◆ **What to produce**: Below are the entries to work from; restate word for word the portion that opens with the line containing "Pará de Minas" and closes with the line containing "4年生音楽「ハローサミング」笛を吹いたね", keeping both.

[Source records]
****************

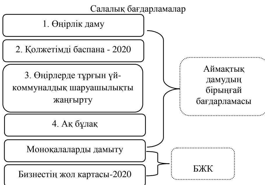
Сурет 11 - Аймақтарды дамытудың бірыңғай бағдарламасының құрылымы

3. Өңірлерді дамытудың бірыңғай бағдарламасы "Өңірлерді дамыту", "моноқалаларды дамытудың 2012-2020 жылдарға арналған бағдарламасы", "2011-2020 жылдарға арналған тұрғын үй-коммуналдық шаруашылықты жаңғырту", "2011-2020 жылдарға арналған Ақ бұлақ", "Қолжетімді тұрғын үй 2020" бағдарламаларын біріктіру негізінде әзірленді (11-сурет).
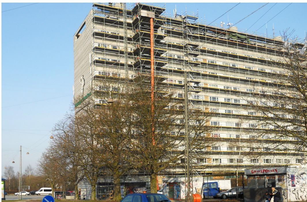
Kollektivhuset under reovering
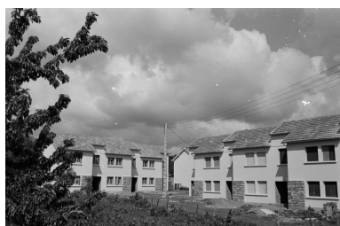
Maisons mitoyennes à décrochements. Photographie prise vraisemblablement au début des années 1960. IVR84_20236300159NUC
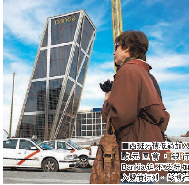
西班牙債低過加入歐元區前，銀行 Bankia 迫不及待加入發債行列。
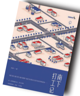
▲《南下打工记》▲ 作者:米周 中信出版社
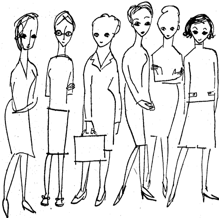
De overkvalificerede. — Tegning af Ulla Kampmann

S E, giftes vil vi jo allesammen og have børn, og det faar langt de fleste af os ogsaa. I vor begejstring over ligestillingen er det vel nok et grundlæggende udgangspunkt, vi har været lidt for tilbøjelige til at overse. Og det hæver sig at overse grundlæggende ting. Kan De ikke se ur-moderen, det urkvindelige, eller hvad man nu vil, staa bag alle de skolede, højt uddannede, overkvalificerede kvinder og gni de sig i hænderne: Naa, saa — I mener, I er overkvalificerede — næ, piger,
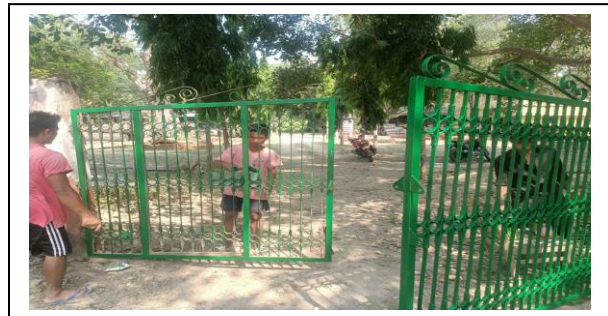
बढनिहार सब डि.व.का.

****************

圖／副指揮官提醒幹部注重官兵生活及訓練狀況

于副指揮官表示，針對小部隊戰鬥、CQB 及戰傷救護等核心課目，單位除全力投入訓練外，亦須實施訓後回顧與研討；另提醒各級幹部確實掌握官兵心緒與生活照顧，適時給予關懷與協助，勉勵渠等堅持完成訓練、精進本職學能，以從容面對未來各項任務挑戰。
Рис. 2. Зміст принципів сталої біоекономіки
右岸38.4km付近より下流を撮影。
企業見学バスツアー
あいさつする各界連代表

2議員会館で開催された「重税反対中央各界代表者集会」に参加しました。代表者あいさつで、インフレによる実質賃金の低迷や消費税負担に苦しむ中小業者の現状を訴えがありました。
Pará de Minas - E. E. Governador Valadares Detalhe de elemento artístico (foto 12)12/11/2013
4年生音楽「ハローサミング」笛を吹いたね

****************

◆ **Solution below**:
Pará de Minas - E. E. Governador Valadares Detalhe de elemento artístico (foto 12)12/11/2013
4年生音楽「ハローサミング」笛を吹いたね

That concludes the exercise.